Country.name.join( // outer query
  City             // subquery
    .id(count).d1  // aggregate count of cities per row, sort descending
    .country_(Country.id_) // correlate fk country with Country.id
).query.limit(3).get ==> List(
  ("China", 363),
  ("India", 341),
  ("United States", 274),
)

Or aggregate multiple attributes: get city count and max city population per country:

Country.name.join(
  City.id(count).d1.population(max).country_(Country.id_)
).query.limit(3).get ==> List(
  ("China", (363, 9696300)),
  ("India", (341, 10500000)),
  ("United States", (274, 8008278))
)

SQL (H2)

SELECT DISTINCT
  Country.name,
  subquery1.City_id_count,
  subquery1.City_population_max
FROM Country INNER JOIN (
    SELECT
      COUNT(City.id) AS City_id_count,
      MAX(City.population) AS City_population_max,
      City.country
    FROM City
    GROUP BY City.country
    ORDER BY City_id_count DESC NULLS LAST
  ) subquery1 ON Country.id = subquery1.country
WHERE
  Country.name IS NOT NULL
ORDER BY subquery1.City_id_count DESC
LIMIT 3;

Correlation

In the examples above, we "connect" - or correlate - the subquery with the outer query by applying the outer Country.id_ to the foreign key value City.country_ of the subquery.

We could also correlate any other matching sub/outer attribute pair:

Country.name.join(
  City.id(count).d1
    // correlate City.countryCode with Country.code
    .countryCode_(Country.code_) 
).query.limit(3).get ==> List(
  ("China", 363),
  ("India", 341),
  ("United States", 274),
)

Per-row limit & offset

Use limit(n) to get the first N rows of a subquery.

// 3 most populous countries each with their 2 biggest cities:
Country.name.population.d1.join(
  City.name.population.d1.country_(Country.id_).query.limit(2)
).query.limit(6).get ==> List(
  ("China", 1277558000, ("Shanghai", 9696300)),
  ("China", 1277558000, ("Peking", 7472000)),
  ("India", 1013662000, ("Mumbai (Bombay)", 10500000)),
  ("India", 1013662000, ("Delhi", 7206704)),
  ("United States", 278357000, ("New York", 8008278)),
  ("United States", 278357000, ("Los Angeles", 3694820))
)

Setting limit to 1 can conveniently get the first/last row of a subquery depending on sorting.

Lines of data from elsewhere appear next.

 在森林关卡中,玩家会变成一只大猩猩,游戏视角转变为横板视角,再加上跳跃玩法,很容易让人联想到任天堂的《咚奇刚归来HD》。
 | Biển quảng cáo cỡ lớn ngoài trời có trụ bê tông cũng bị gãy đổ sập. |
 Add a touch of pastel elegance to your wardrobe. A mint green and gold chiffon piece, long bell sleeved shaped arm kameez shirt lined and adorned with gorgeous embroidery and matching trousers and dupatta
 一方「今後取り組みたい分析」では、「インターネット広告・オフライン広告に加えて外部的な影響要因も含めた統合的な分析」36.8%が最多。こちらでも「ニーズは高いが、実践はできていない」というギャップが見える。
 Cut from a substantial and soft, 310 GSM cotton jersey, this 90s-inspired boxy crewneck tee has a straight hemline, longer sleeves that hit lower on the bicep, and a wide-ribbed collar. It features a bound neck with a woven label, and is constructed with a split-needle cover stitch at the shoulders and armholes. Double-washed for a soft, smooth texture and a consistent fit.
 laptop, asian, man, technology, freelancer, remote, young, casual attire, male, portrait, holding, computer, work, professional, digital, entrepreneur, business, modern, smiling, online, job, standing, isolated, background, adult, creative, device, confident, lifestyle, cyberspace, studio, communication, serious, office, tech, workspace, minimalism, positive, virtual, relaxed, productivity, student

// 3 most populous countries each with their biggest city:
Country.name.population.d1.join(
  City.name.population.d1 // descending
    .country_(Country.id_).query.limit(1)
).query.limit(3).get ==> List(
  ("China", 1277558000, ("Shanghai", 9696300)),
  ("India", 1013662000, ("Mumbai (Bombay)", 10500000)),
  ("United States", 278357000, ("New York", 8008278)),
)

// 3 most populous countries each with their smallest city:
Country.name.population.d1.join(
  City.name.population.a1 // ascending
    .country_(Country.id_).query.limit(1)
).query.limit(3).get ==> List(
  ("China", 1277558000, ("Huangyan", 89288)),
  ("India", 1013662000, ("Vejalpur", 89053)),
  ("United States", 278357000, ("Charleston", 89063))
)

Use offset(n) to skip the first N rows of a subquery.

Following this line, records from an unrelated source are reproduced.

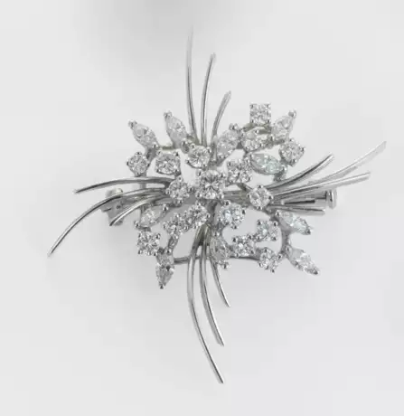 Brooch set with diamonds approx. 0,90 ct. (G-H/vvs-vs), in 18 k white gold.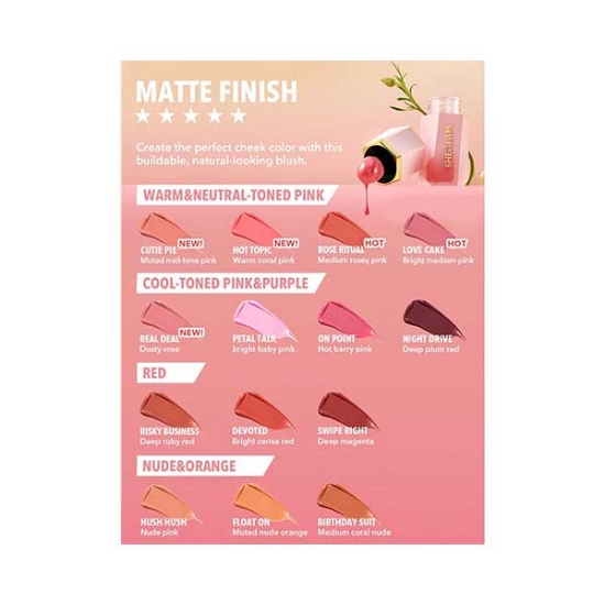 رژگونه مایع Sheglam با رنگ Real Deal، یک محصول چندمنظوره با فرمول سبک و پایدار است که برای ایجاد گونه‌های طبیعی و خوشرنگ طراحی شده است. این محصول با حجم 5 میلی‌لیتر، گزینه‌ای ایده‌آل برای افرادی است که به دنبال یک رژگونه با پوشش عالی، ماندگاری طولانی و جلوه‌ای مات و زیبا هستند.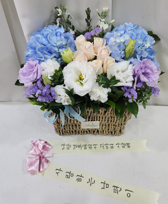 수국 장미 바구니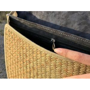 Ví cầm tay được làm từ cỏ bàng tự nhiên 100%, được đan thủ công bởi người dân địa phương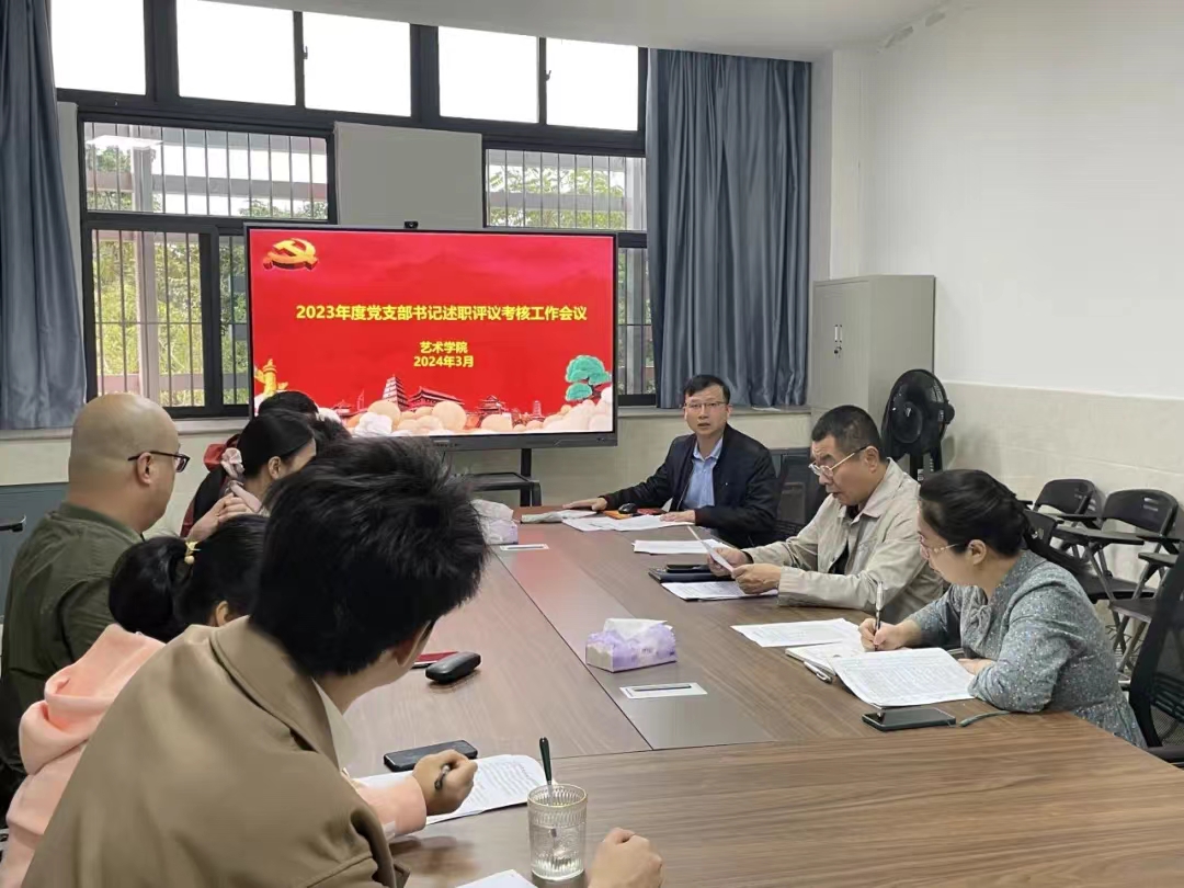 于杨孙西艺术馆303会议室召开2023年度党支部书记抓基层党建工作述职评议会。学院领导班子成员、党委委员,各党支部书记及师生党员代表参加会议。会议由学院党委书记汤跃滨主持并做点评发言。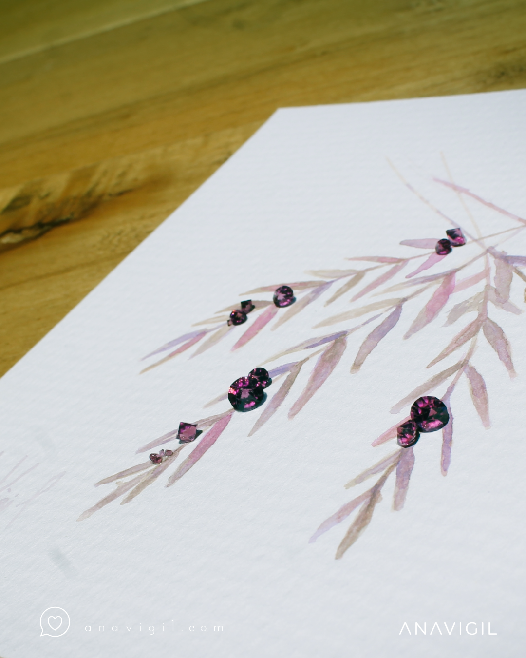Técnica: mixta, acuarela con cristales austríacos
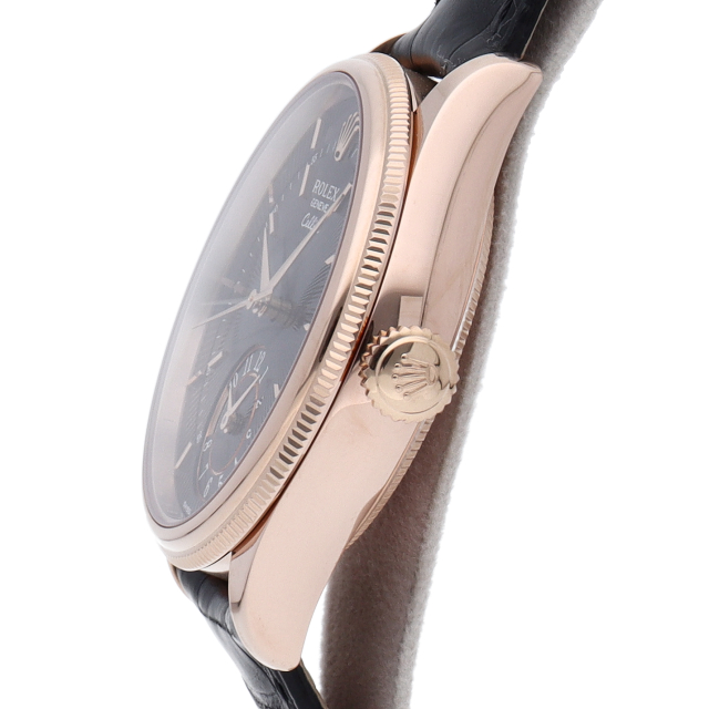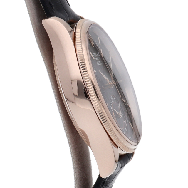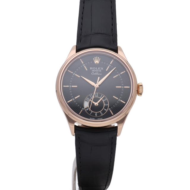 クラシックとエレガンスが融合したロレックスのドレスウォッチ、チェリーニ。6時位置には第二時間帯が表示されており、常にセカンドタイムの時刻が判断可能。この小窓上の9時位置には太陽と月で昼夜を判断するユニークな演出が施されています。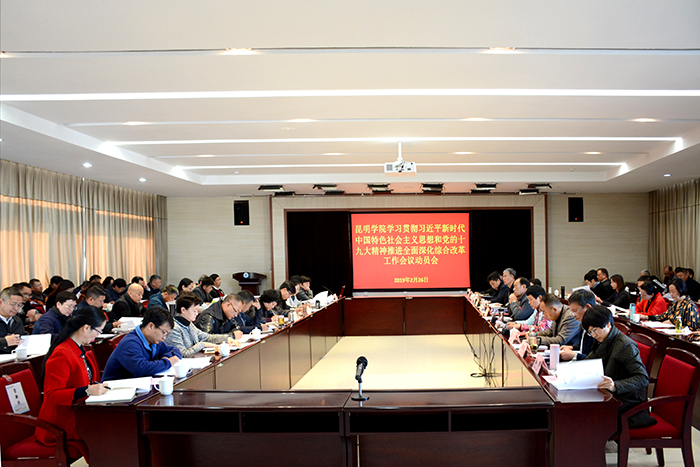 2月26-27日,学校党委召开学习贯彻习近平新时代中国特色社会主义思想和党的十九大精神推进全面深化综合改革专题工作会议,科学谋划和加快推进学校全面深化综合改革工作,进一步促进学校内涵发展。学校全体校领导,各单位党政主要负责人参加会议。

// 3 most populous countries each with their second biggest city:
Country.name.population.d1.join(
  City.name.population.d1.country_(Country.id_).query.limit(1).offset(1)
).query.limit(3).get ==> List(
  ("China", 1277558000, ("Peking", 7472000)),
  ("India", 1013662000, ("Delhi", 7206704)),
  ("United States", 278357000, ("Los Angeles", 3694820))
)

SQL (H2)

SELECT DISTINCT
  Country.name,
  Country.population,
  subquery1.name,
  subquery1.population
FROM Country INNER JOIN (
    SELECT DISTINCT
      name, population, country
    FROM (
      SELECT DISTINCT
        inner_query.*,
        ROW_NUMBER() OVER (
          PARTITION BY inner_query.country 
          ORDER BY inner_query.population DESC NULLS LAST
        ) as rn
      FROM (
        SELECT DISTINCT
          City.name,
          City.population,
          City.country
        FROM City
        WHERE
          City.name       IS NOT NULL AND
          City.population IS NOT NULL
        ORDER BY City.population DESC NULLS LAST
      ) inner_query
    ) filtered_query
    WHERE rn > 1 AND rn <= 2
  ) subquery1 ON Country.id = subquery1.country
WHERE
  Country.name       IS NOT NULL AND
  Country.population IS NOT NULL
ORDER BY Country.population DESC NULLS LAST, subquery1.population DESC
LIMIT 3;

Global aggregate comparison

If we don't correlate the subquery with the outer query, we can aggregate the entire sub-table.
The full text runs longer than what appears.